Я осторожно приобнял Натсэ, но напряжение не ушло. Она вся была, как из стали, готовая к атаке.
— Мне так стыдно стало, — прошептала Натсэ. — Ведь даже после того, как Гетаинир сказал, что она жива, я много раз будто бы забывала о её существовании. Может, и хотела забыть…
— Со мной было так же, — сказал я.
Натсэ вопросительно на меня посмотрела, и я добавил:
— Когда меня только перенесли в этот мир. Я знал, что моя сестра погибла, что её душа горит в Яргаре. Знал, но то и дело забывал. Ничего не мог с собой поделать. Заставлял себя помнить — и не мог. Тогда я заказал Вименту тот медальон, с её портретом. Он принёс мне его, когда мы сидели за столиком, помнишь?

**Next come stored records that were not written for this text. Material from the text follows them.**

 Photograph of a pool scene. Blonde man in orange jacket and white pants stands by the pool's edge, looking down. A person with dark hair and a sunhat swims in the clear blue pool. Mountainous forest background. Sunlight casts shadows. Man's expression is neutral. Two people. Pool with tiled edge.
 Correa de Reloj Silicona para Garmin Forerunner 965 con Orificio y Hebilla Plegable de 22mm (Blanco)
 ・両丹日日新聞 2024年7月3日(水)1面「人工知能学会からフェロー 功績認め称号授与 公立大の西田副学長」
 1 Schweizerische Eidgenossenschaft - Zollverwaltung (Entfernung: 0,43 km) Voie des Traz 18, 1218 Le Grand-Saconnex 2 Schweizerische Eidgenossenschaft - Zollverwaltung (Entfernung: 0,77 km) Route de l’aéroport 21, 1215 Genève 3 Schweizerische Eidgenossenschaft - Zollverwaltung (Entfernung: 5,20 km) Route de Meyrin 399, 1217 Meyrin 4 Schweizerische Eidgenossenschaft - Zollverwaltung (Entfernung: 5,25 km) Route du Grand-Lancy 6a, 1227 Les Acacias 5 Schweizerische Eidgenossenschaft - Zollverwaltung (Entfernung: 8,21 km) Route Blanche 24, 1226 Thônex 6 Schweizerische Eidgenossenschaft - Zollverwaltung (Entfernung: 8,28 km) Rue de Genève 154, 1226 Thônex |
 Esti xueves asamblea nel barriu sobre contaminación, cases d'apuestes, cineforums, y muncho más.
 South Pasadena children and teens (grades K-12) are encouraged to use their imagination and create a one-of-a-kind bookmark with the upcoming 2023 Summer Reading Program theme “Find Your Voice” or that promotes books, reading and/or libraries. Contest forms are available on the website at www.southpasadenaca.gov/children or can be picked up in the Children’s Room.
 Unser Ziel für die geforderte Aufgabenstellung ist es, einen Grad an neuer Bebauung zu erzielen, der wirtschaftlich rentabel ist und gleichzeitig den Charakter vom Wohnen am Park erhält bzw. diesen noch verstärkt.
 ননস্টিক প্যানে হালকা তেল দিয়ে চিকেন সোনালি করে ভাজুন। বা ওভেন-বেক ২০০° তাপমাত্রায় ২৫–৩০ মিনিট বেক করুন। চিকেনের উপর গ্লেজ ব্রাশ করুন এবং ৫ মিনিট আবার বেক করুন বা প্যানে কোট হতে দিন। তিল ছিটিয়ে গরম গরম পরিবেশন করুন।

Натсэ кивнула. Потом спросила:
— И куда делся этот медальон?
Я пожал плечами:
— Уже и не вспомнить… Кажется, где-то на Материке… Да, я думаю, он пропал после того, как Искар притащил нас с Авеллой к себе. С меня тогда сняли всё. Про медальон он, наверное, забыл, не вернул его. Вряд ли украл, зачем бы ему.
— Ну да, — отрешённо сказала Натсэ. — Незачем. Медальон, значит… Чтобы помнить… А если бы Талли не сглупила с жабьим ядом, сейчас твоя сестра жила бы в теле Тавреси. Ты бы справился с этим? Смог бы спокойно жить, зная, что убил человека? Лишил душу пристанища, которое принадлежало ей?

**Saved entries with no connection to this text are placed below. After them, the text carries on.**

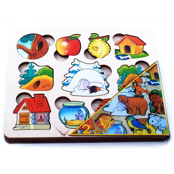 - Достаньте все картинки из ячеек, разложите их на столе и дайте малышу задание найти для каждого животного соответствующий домик. Когда задание будет выполнено, можно начинать размещать вкладыши в ячейках в соответствии с их контурами.
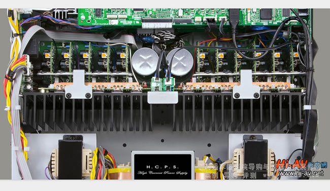 接著來看高電流的最后一環「高電流輸出」,照片正中央向左右延伸的金黃色長條狀物體,就是前面提到連結功率晶體的銅條。本機的11聲道后級在驅動電路板為各自獨立的配置,上圖中央濾波電容左右兩側各有五塊及六塊垂直安裝的驅動電路板(功率晶體直接鎖固在散熱片上)。當然,Onkyo在業界知名的WRAT寬頻放大電路也在本機發揚光大,以具備寬頻特性的放大元件架構簡潔電路,降低整體的負回授,每聲道使用一對Toshiba大電流(額定18安培、瞬間最高達35安培)之功率晶體TTA0001/TTC0001推挽輸出。
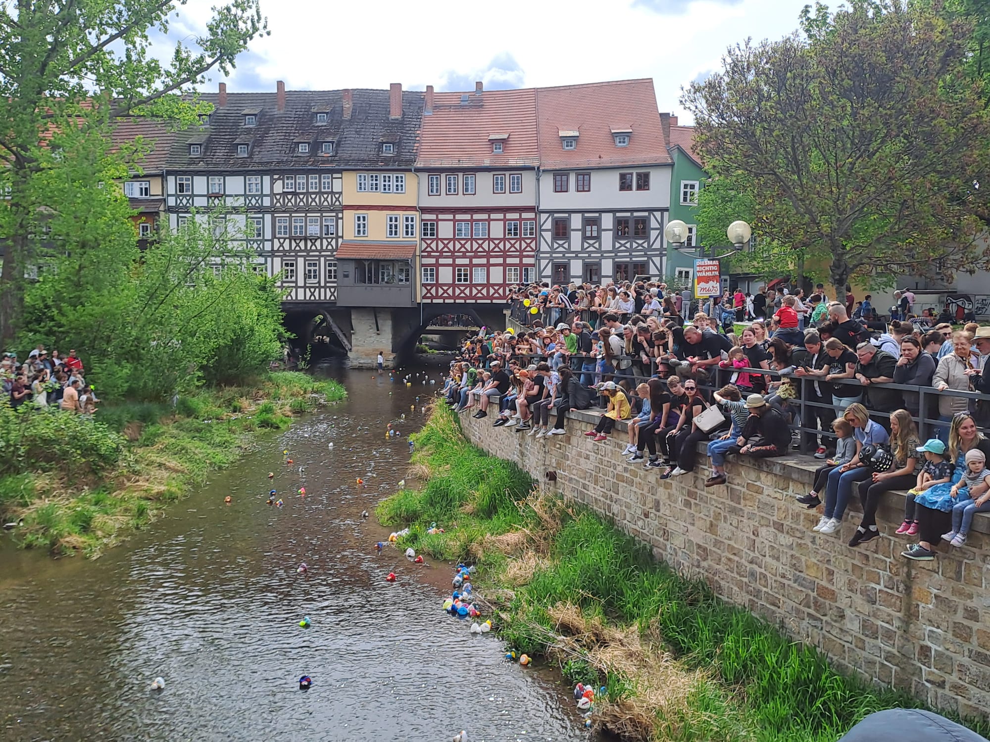 Nach vier Jahren Zwangspause heißt es wieder „Zeit, um die Wette zu schwimmen“ und damit eine alte Erfurter Tradition erneut aufleben zu lassen. Um die Wette schwimmen dabei nicht die Mitarbeiter des Gewässerunterhaltungsverbandes, sondern viel mehr die 3.000 selbstgestalteten Enten von Künstlern jeden Alters.
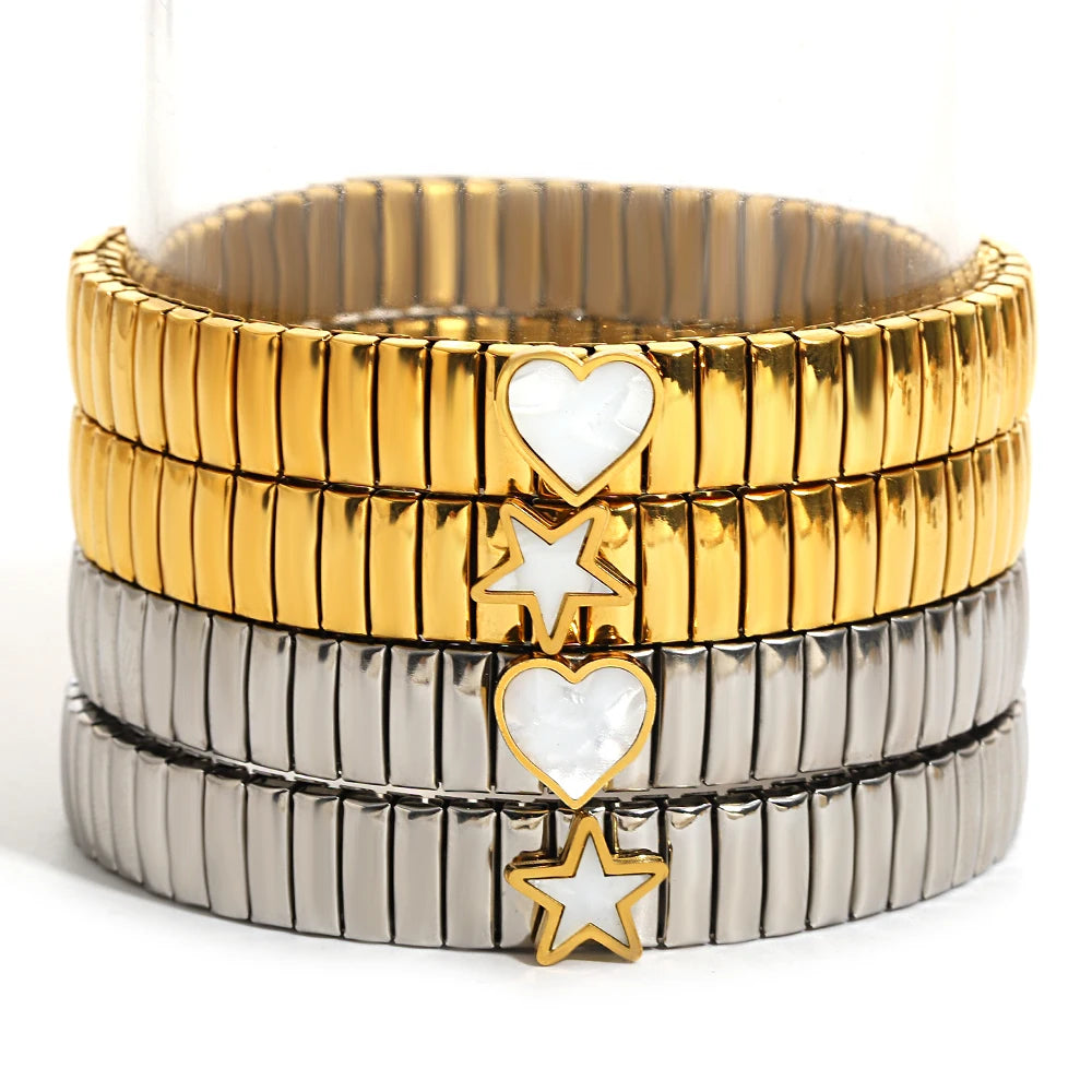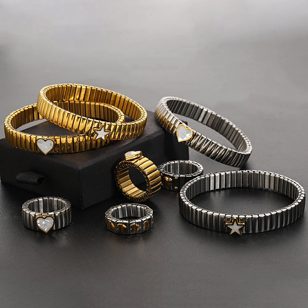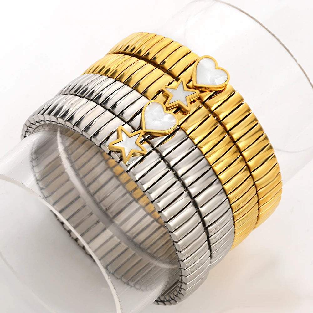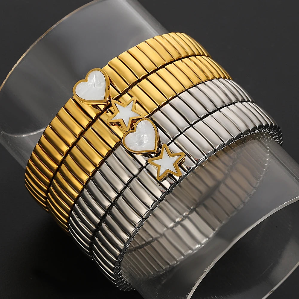 Greatera Elastic Love Ring Bangle For Women Men Fashion Multiple Stainless Steel Star Pattern Charm Watch Strap Bracelet Jewelry

Я и сам себе много раз задавал этот вопрос. Но ответ от этого проще не становился.
— Наверное, я бы нашёл себе оправдание. Заставил бы себя поверить, что поступил наилучшим образом. Что жизнь рабыни — всё равно не жизнь. И что мир был должен мне жизнь сестры, и я этот долг получил. Себя можно убедить в чём угодно, знаешь ли. А потом и весь мир в это поверит.
Тут я знал, о чём говорю. Ведь я заставил себя поверить в то, что могу стать сильным и смелым. И не успел оглянуться, как в это уже верили все.
— Эй-эй! — Госпожа Алмосая высунулась в окно кухни и замахала руками. — Материк прямо по курсу! Ещё пять минут — и причаливаем!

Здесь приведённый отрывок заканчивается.